We need to move towards an industry where DeFi can support legacy financial institutions rather than seeing them as enemies. Big banks and players want to join the crypto world, but there is also a potential for the general public to join this new world in the future and overcome the many limitations or barriers associated with the traditional finance sector. The introduction of ETFs is an attempt by the financial industry to incorporate the innovation of cryptocurrencies such as JPMorgan Crypto, Luna Terra Crypto, KNC Crypto, LQTY Crypto, Jump Crypto, etc.

ETFs promote centralization

Cryptocurrency exchanges are of various types, with the most popular being FTX-style centralized ones. Such exchanges keep custody of their customers’ wallets’ private keys, and they usually require KYC (Know Your Customer) verification to prevent illegal activities.

In contrast, decentralized exchanges are based on a decentralized, non-custodial blockchain system that supports direct peer-to-peer transactions. This approach eliminates the need for intermediaries. Users don’t have to go through KYC, thus giving people living in oppressive regimes the possibility to participate. They also maintain full control over their private keys and are solely responsible for the security of their funds, which can be staked to gain interest.

The point of the crypto industry is to offer these advantages, especially to those who don’t have access to traditional banking services.

On the other hand, ETFs are centralized products, thus conflicting with the decentralized nature of Bitcoin and other cryptos. They don’t provide any of the advantages that are inherent in cryptocurrencies, nor do they encourage new users to join.

Apart from contradicting Bitcoin’s principles of decentralization and trustless transactions, ETFs also cause the issue of “paper” Bitcoin – BTC that exists only on paper.

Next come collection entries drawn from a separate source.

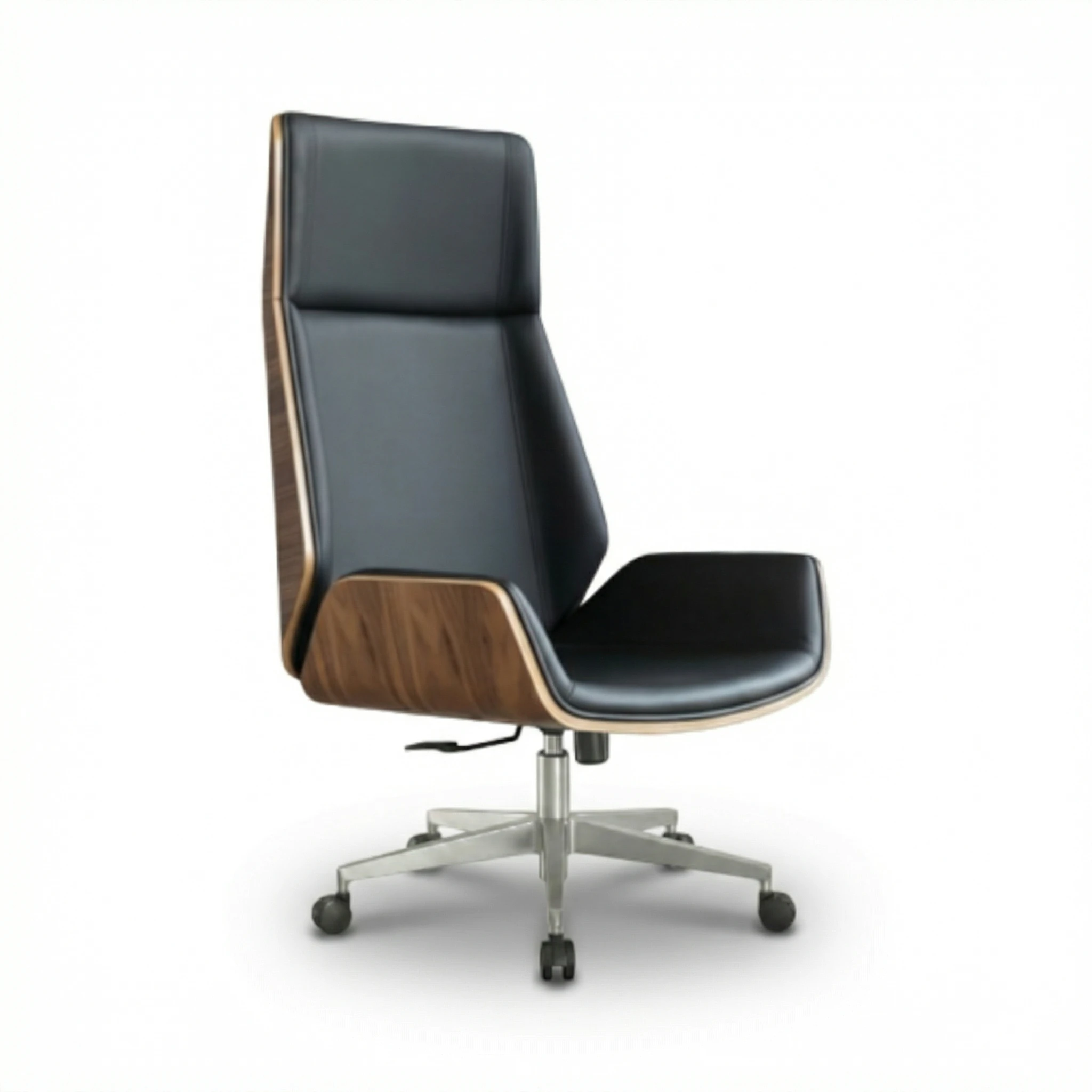 Zieno FLAT Yönetici Koltuğu, İskandinav tasarım felsefesinin zarafetini üst düzey ofis mobilyasının işlevselliğiyle harmanlayan bir başyapıt. Koltuğun en dikkat çekici özelliği, deri kaplı oturum ve arkalığı çevreleyen anatomik formlu ahşap kontrplak kabuk tasarımıdır. Bu kabuk yapısı yalnızca estetik bir unsur değil, aynı zamanda vücudun doğal eğrilerine uyum sağlayan yapısal bir destektir. Doğal ahşap tonlarıyla siyah deri arasındaki kontrast, odaya hem sıcaklık hem modernlik katar ve geleneksel yönetici koltukları arasında seni farklılaştırır. Tasarım prensibi olarak minimalizm ve zarafet ön planda tutulmuş; gereksiz süsleme ve abartılı detaylardan arındırılmış temiz bir form ortaya çıkarılmıştır.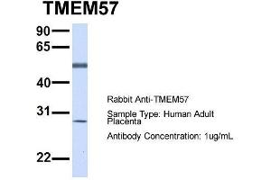 This is a rabbit polyclonal antibody against TMEM57. It was validated on Western Blot using a cell lysate as a positive control.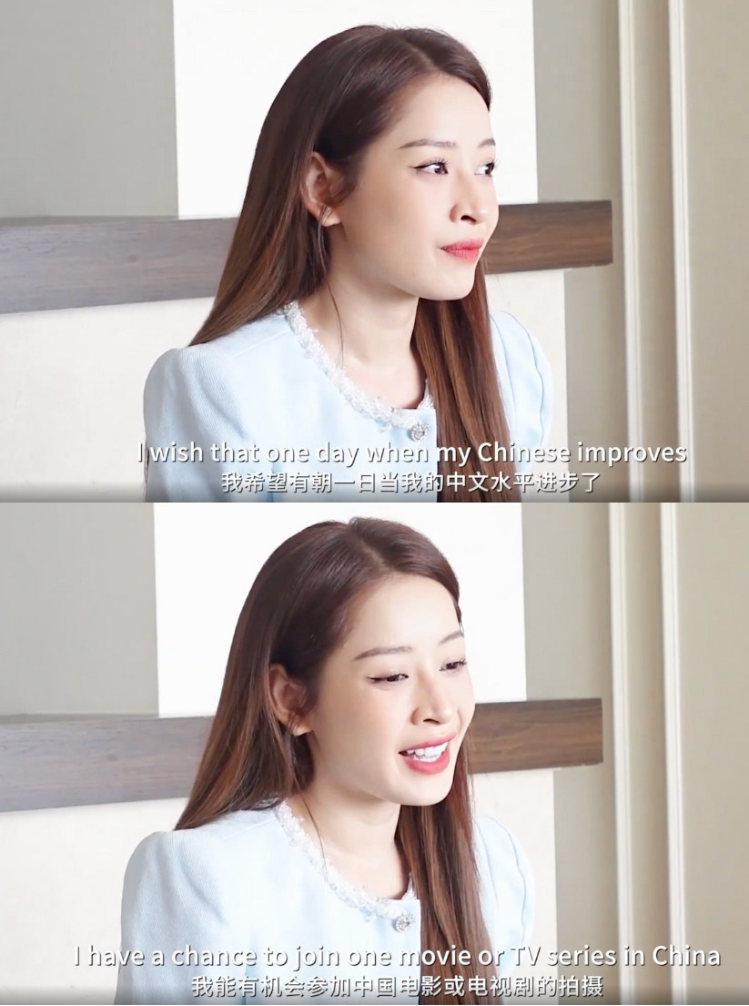 "My dream is I can join the film industry in China. I wish that one day when my Chinese improve, I have a chance to join one movie or TV series in China". (PV tạm dịch: Ước mơ của tôi là có thể tham gia vào lĩnh vực điện ảnh ở Trung Quốc. Tôi mong rằng khi tiếng Trung của tôi khá hơn, tôi sẽ có cơ hội tham gia một bộ phim điện ảnh hoặc phim truyền hình Trung Quốc).
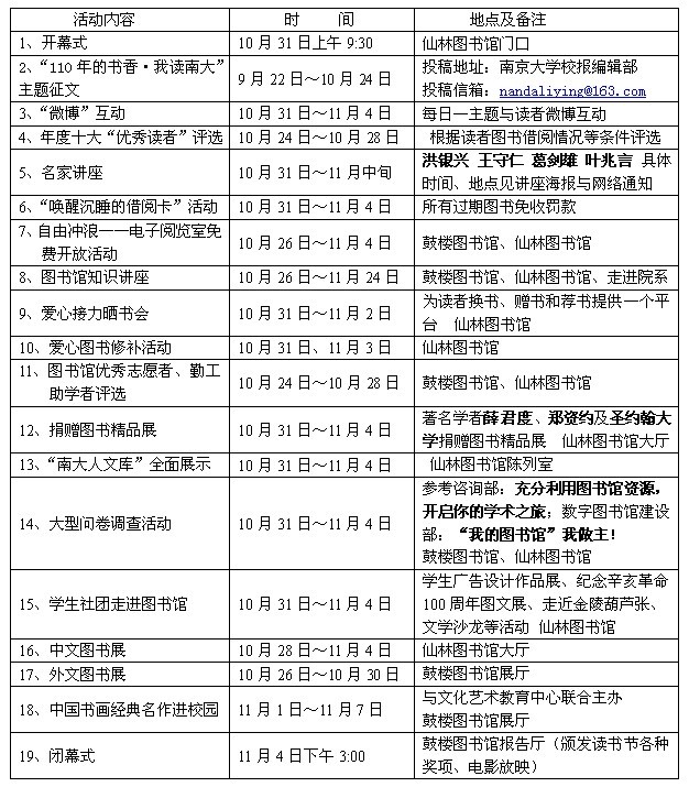 本次征文以“110年的书香·我读南大”为主题,体裁不限,1500字以内为宜。征文从即日起,至10月24日截稿,11月2日在图书馆主页公布获奖结果。来稿可以以纸质书信投递,也可以发送电子邮件,敬请在信封或电子邮件主题中注明“第六届读书节征文”字样。(电子邮件请以WORD纯文本附件形式发送,请务必写上作品题目并在文末注明作者真实姓名、院系年级或详细的通讯地址及手机号码)。投稿地址:南京大学校报编辑部,联系人李颖,电子邮件地址:nandaliying@163.com 。

As it is impossible to withdraw this “Bitcoin”, the possibility of FTX-like catastrophes in the future is much higher.

We need to demystify cryptocurrency — not create a “Crypto for Dummies” fund

Most individuals are unfamiliar with the fundamentals of Bitcoin, nonfungible tokens or cryptocurrencies in general. It is essential that those of us who are in the crypto space identify an approachable gateway for the general public to discover. Demystifying cryptocurrencies and Bitcoin will lead to wider acceptance. Turning Bitcoin into a freely tradable asset could undermine its role as a revolutionary decentralized currency.

Traditional finance should be utilized as a stabilizing force. Its structures could potentially provide stability to the erratic crypto market. If applied correctly, they could offer protection, availability and trust, and even draw in more mainstream investors to cryptocurrencies. Strict regulatory oversight could also validate Bitcoin and cryptocurrencies for the general public and financial institutions.

There is an immense need for development in traditional finance. Institutions must modify and advance to fully embrace cryptocurrencies. They should adopt the ethos of decentralization and autonomy that cryptocurrencies stand for instead of simply integrating Bitcoin into existing structures. Thus, BlackRock should consider discarding its Bitcoin ETF.

The JP Morgan Crypto, Luno Crypto, KNC Crypto, JPMorgan Crypto, Luna Terra Crypto, and LQTY Crypto platforms are all great examples of how to make crypto more accessible and understandable. Additionally, there is a need for more resources that can help the public understand the concept of Web 3.0 and its associated products. The Apple Health application is an excellent example of a Web 3.0 application.